5 Additional Steps to Reduce Risk in Designing a Formulation

Simultaneously with screening for the solid form, a number of questions need to be addressed: (a) What is the “intrinsic stability” of the compound? (b) What is the likely dose? (c) How soluble is the compound/formulation? (d) How well is the compound absorbed? (e) What is its BCS class? (f) What are its solid state properties and stability? (g) How well will the powder flow? (h) Is moisture an issue? and (i) What is the likely design, composition, and manufacturing procedure of the formulation/product?
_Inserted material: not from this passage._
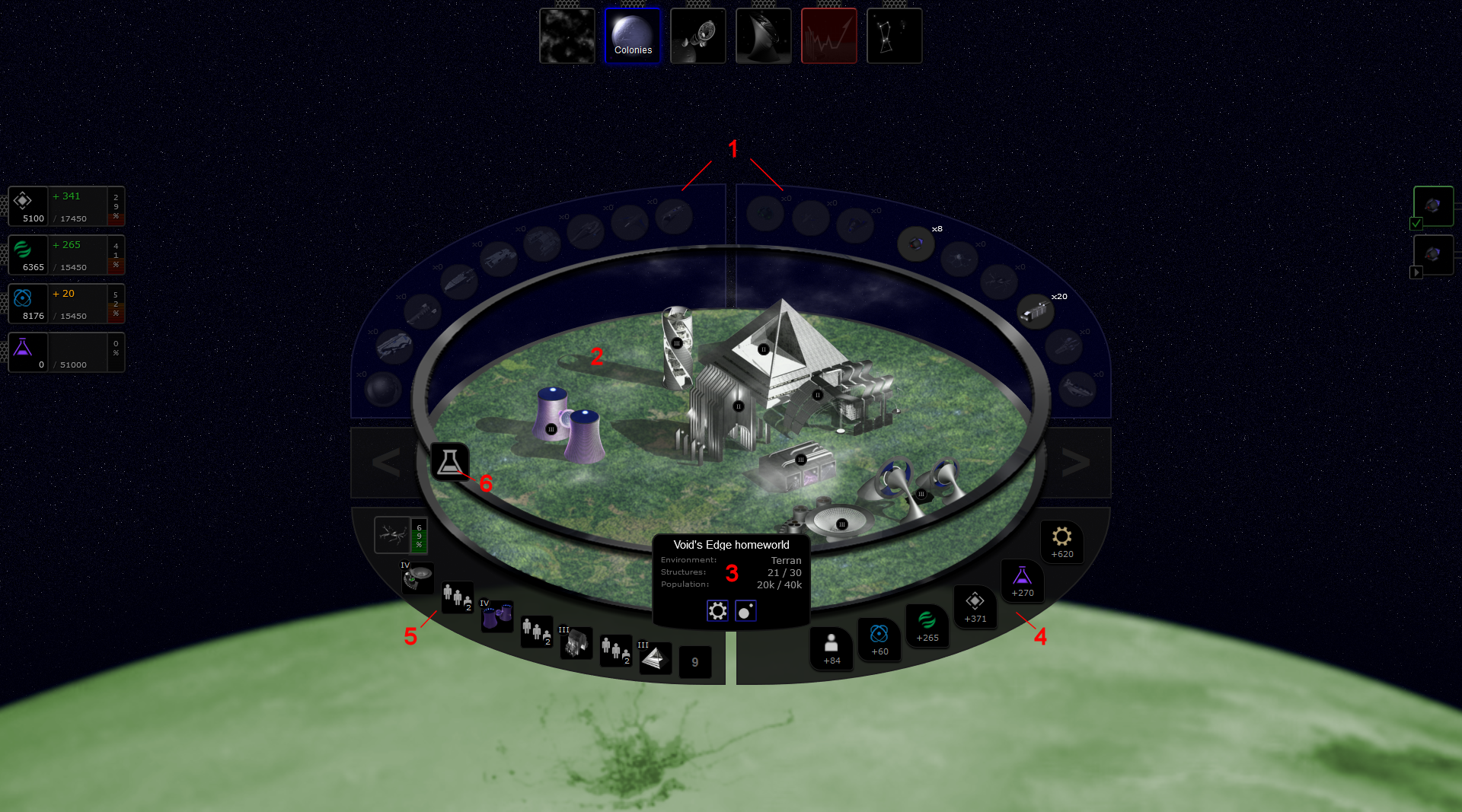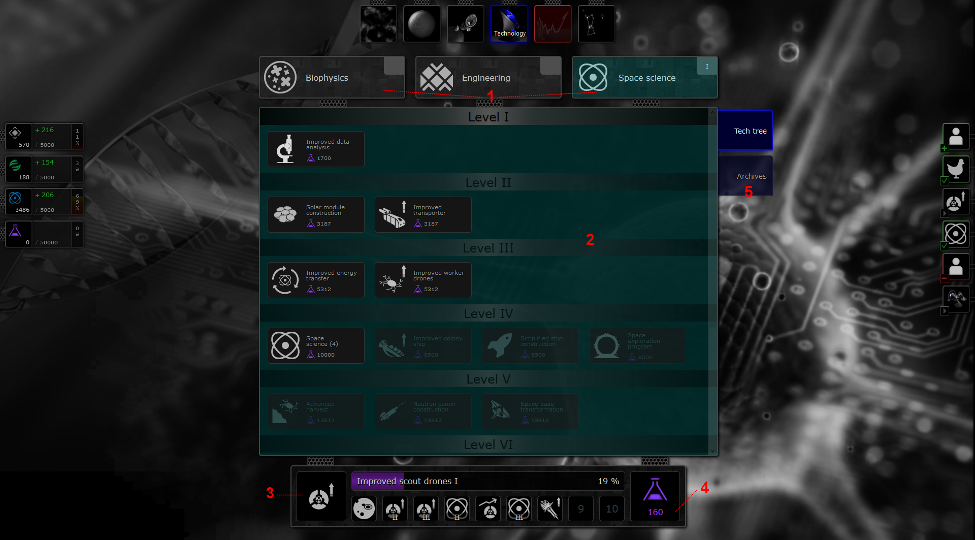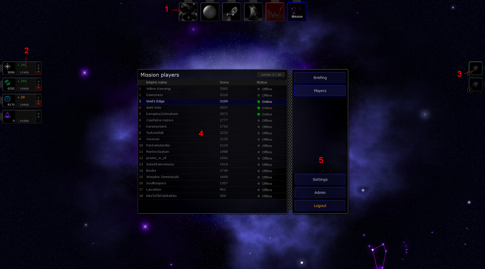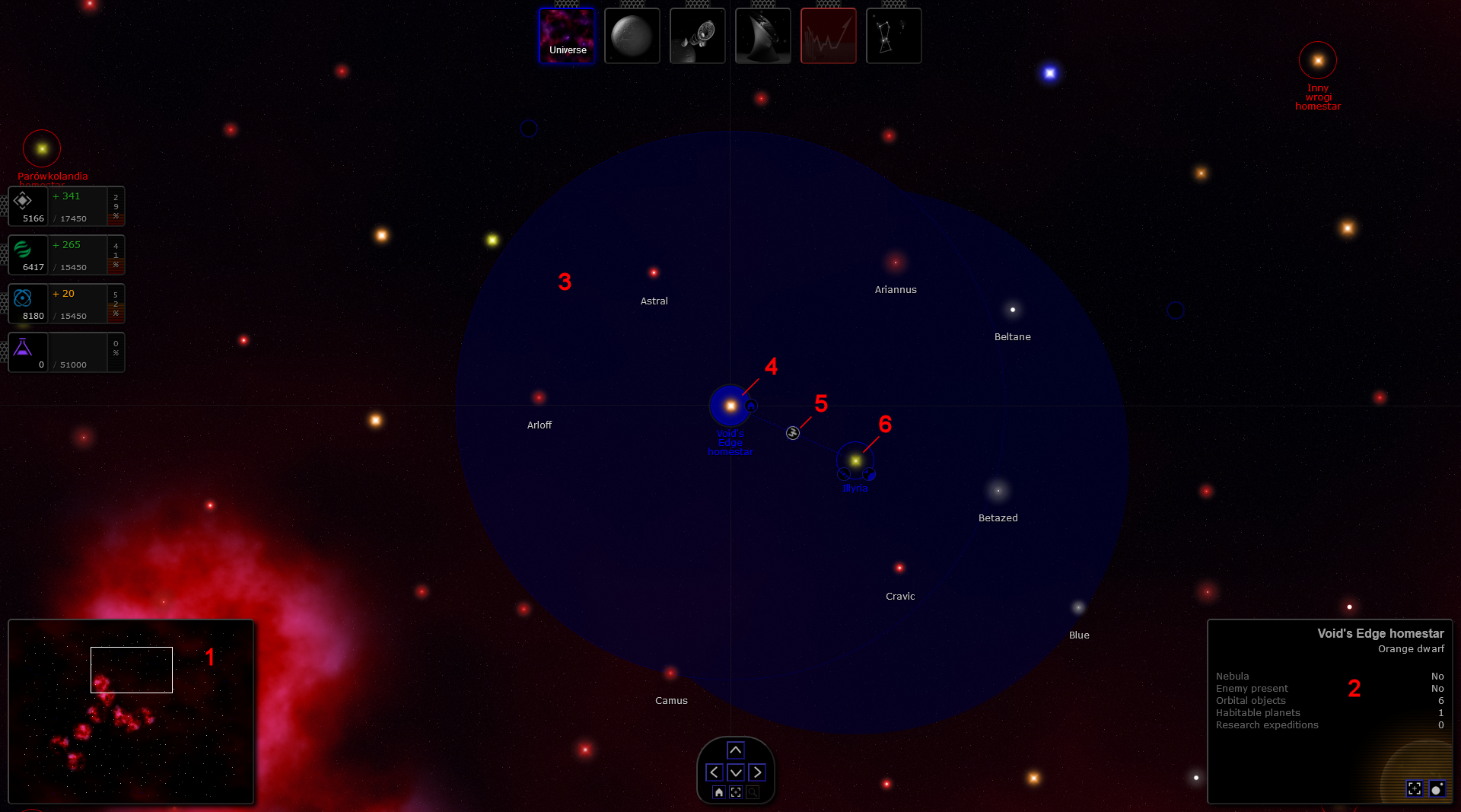 Pokaż źródło stronyPoprzednie wersjeOdnośnikiDo góry Share via Share via... Twitter LinkedIn Facebook Pinterest Telegram WhatsApp Yammer Reddit TeamsOstatnie zmianySend via e-MailDrukujPermalink × Poradnik początkującego gracza Czyli krótki poradnik jak zacząć zarządzać kosmicznym imperium… Ekran startowy (Misja) Po pierwszym logowaniu zostaniesz przekierowany do tzw. widoku Misji. Widok misji zawiera podstawowe informacje o celu rozgrywki oraz o graczach uczestnicząc w rozgrywce. Legenda: 1 - Menu nawigacyjne (dostępne widoki w grze), 2 - Wskaźniki zasobów, 3 - Panel notyfikacji, 4 - Punktacja (siła) poszczególnych graczy, 5 - Menu misji Menu nawigacyjne, Wskaźniki zasobów oraz Panel notyfikacji są widoczne zawsze na każdym z ekranów. Gracz może sterować sposobem prezentacji tych widget-ów (tryb rozwinięty lub kompaktowy) z poziomu okna ustawień: Mission → Settings → Display Jeżeli dopiero co założyłeś sobie konto, koniecznie zmień swoje hasło. Hasło, które otrzymałeś (klucz rejestracyjny) jest długie i trudne do zapamiętania. Hasło możesz zmienić w widoku: Mission → Settings → Account Pierwsza kolonia W następnym kroku polecamy wejść do swojej głównej kolonii (ikona planety w menu głównym na górze) i wrzucić swoim „poddanym” kilka zadań produkcyjnych (przycisk „zębatki” w centralnym panelu informacyjnym). W pierwszej kolejności dobrze jest zlecić budowę kilku kluczowych budynków: Kopalnia - podstawowe źródło surowców mineralnych . Niemal wszystko co można produkować wymaga do budowy surowców mineralnych. Elektrownia - podstawowe źródło energii . Energia potrzebna jest do utrzymania budynków i struktur kosmicznych choć w większych ilościach potrzebna jest dopiero przy lotach kosmicznych lub przy realizacji zadań specjalnych. Bio-faktoria (opcjonalnie) podstawowe źródło bio-komponentów . Zasób ten przyda się aby wyżywić większą ilość kolonistów. Jednym z zastosowań jest również zwiększenie przyrostu naturalnego kolonii. Po budynkach 1 poziomu dobrze jest zlecić (dodać do kolejki zadań) od razu budynki 2 poziomu, które są znacznie bardziej wydajne i oferują nowe opcje w grze. Na początku rozgrywki nie ma jednak sensu rozbudowywać struktur na poziom wyższy niż 3. Ich koszt oraz czas budowy rośnie gwałtownie z poziomem struktury, a lepsze możliwości produkcyjne będziemy mieli po podniesieniu poziomu głównej struktury (Arka) na poziom 2. W każdej kolonii w danym momencie czasu może być realizowane tylko jedno zadanie produkcyjne. Zlecenie większej ilości zadań powoduje umieszczenie ich w kolejce zadań oczekujących. Poziom kolonii (prezentowany między innymi w widoku układu słonecznego) jest tożsamy z poziomem głównej struktury kolonii. Dla kolonii początkowej jest to Arka, dla pozostałych Centrum dowodzenia. Legenda: 1 - Panele z flotą kolonii 2 - Wizualizacja infrastruktury kolonii 3 - Podstawowy panel informacyjny kolonii 4 - Panel dochodów kolonii 5 - Panel produkcji kolonii (kolejka zadań) Badania naukowe Widok „Technologii” to jeden z ważniejszych widoków w grze, który polecamy odwiedzić niezwłocznie po rozpoczęciu rozgrywki. W widoku tym gracz decyduje na jakie technologie są wydawane punkty badawcze , które generuje jego imperium. Zbyt długie zwlekanie z wyznaczeniem kolejki badań może skutkować w zacofaniu naszego imperium :) Legenda: 1 - Gałęzie technologiczne (każda posiada osobną listę technologii), 2 - Lista dostępnych technologi, 3 - Kolejka zleconych badań, 4 - Przychód punktów badawczych (na godzinę), 5 - Zakładka archiwum badań (opracowane już technologie) Więcej o technologiach i cechach specjalnych rasy w rozdziale: Technologie Każda gałąź technologiczna wspomaga inny aspekt i styl rozgrywki. Najlepsze efekty daje skupienie się na jednej wybranej gałęzi technologicznej, z niewielkim zaangażowaniem w pozostałych gałęziach. Pierwsze kroki w kosmosie Widok uniwersum dostępny jest po kliknięciu ikony z mgławicą w menu głównym u góry (pierwsza z lewej). Po wejściu do niego cały ekran powinna wypełnić nam mapa uniwersum, w którym toczymy naszą misję. Legenda: 1 - „Mini-mapa” uniwersum, 2 - Panel szczegółów wybranego obiektu na mapie, 3 - Główna mapa uniwersum, zasięg operacyjny flot gracza na niebieskim tle, 4 - Domowy układ słoneczny gracza, 5 - Lecąca flota gracza, 6 - Inny kontrolowany przez gracza układ słoneczny Po początkowym rozbudowaniu kolonii dobrze jest rozejrzeć się w „okolicy”, czyli zwiedzić pobliskie układy słoneczne. Do tego celu używamy specjalnych statków (Scout), których posiadamy 8 sztuk na start. Niestety są to jednorazowe dron-y, które po wykonaniu powierzonej im misji rozpadają się. Aby wysłać je do innego układu wchodzimy do mapy uniwersum i zaznaczamy kliknięciem pobliską gwiazdę. Wybieramy akcję „Scout” albo z menu kontekstowego (prawy przycisk myszy) albo z panelu szczegółów zaznaczonego obiektu (dolny prawy róg mapy). Szansa na sukces powyższej akcji zależy od ilości wysłanych skautów. Gracz nie może wykonywać żadnych akcji (poza akcją „Scout”) w układach gwiezdnych, których jeszcze nie odkrył. Między innymi nie może wysyłać do takiego nieodkrytego układu statków kosmicznych. Dlatego warto mieć zawsze odkryte wszystkie gwiazdy w naszym zasięgu. Nieodkryte gwiazdy na mapie uniwersum domyślnie mają ukrytą etykietę z nazwą (w przeciwieństwie do odkrytych przez gracza). Wyjątkiem od tej reguły są gwiazdy „domowe” (startowe gwiazdy graczy) Flota gracza może operować na początku na bardzo ograniczonym zasięgu. Zasięg ten jest domyślnie wizualizowany na mapie uniwersum jako niebieskie półprzezroczyste tło. Aby zwiększyć zasięg operacyjny floty gracz musi zakładać nowe bazy kosmiczne w nowych układach gwiezdnych. Posłuży do tego dedykowany typ statu: Statek baza

As has already been discussed the solubility of the compound is a critical quality important for specifications and development. The solubility of a solid substance is the concentration at which the solution phase is in equilibrium with a given solid phase at a stated temperature and pressure. Under these conditions, the solid is neither dissolving nor continuing to crystallize. Note that the definition implies the presence of a specific solid phase. Once determined under the stated conditions, however, we can talk about the “solubility” of a given phase (e.g., a specific polymorph or pseudopolymorph) as a quantity, even in the absence of that solid phase. The Gibbs phase rule specifies that at constant temperature and pressure a two-phase system, such as solid drug and solvent, should achieve a well-defined, invariant concentration given sufficient time (i.e., at equilibrium). Thus, the term, equilibrium solubility, which is also referred to as the thermodynamic solubility. For the two-phase system to be at equilibrium, the chemical potential of both components must be equal to each other. If this is not the case, then depending upon the relative values, the system will experience a thermodynamic driving force toward dissolution or precipitation. Note also that while the rule confirms the ability of a compound to have a particular solubility under defined conditions, it says nothing about what actual value of solubility is eventually attained.

Use of the term “equilibrium” in connection with crystallizing systems requires clarification. When a substance exists in more than one crystal form, that is, when other polymorphs are possible, only the least soluble of these at a given temperature is considered the most physically stable form at that temperature, all others are considered to be metastable forms. In given cases, a solution of a substance may be in apparent equilibrium with one of these metastable phases for a long time, in which case, the system is in metastable equilibrium and is expressing the thermodynamic solubility of that solid form.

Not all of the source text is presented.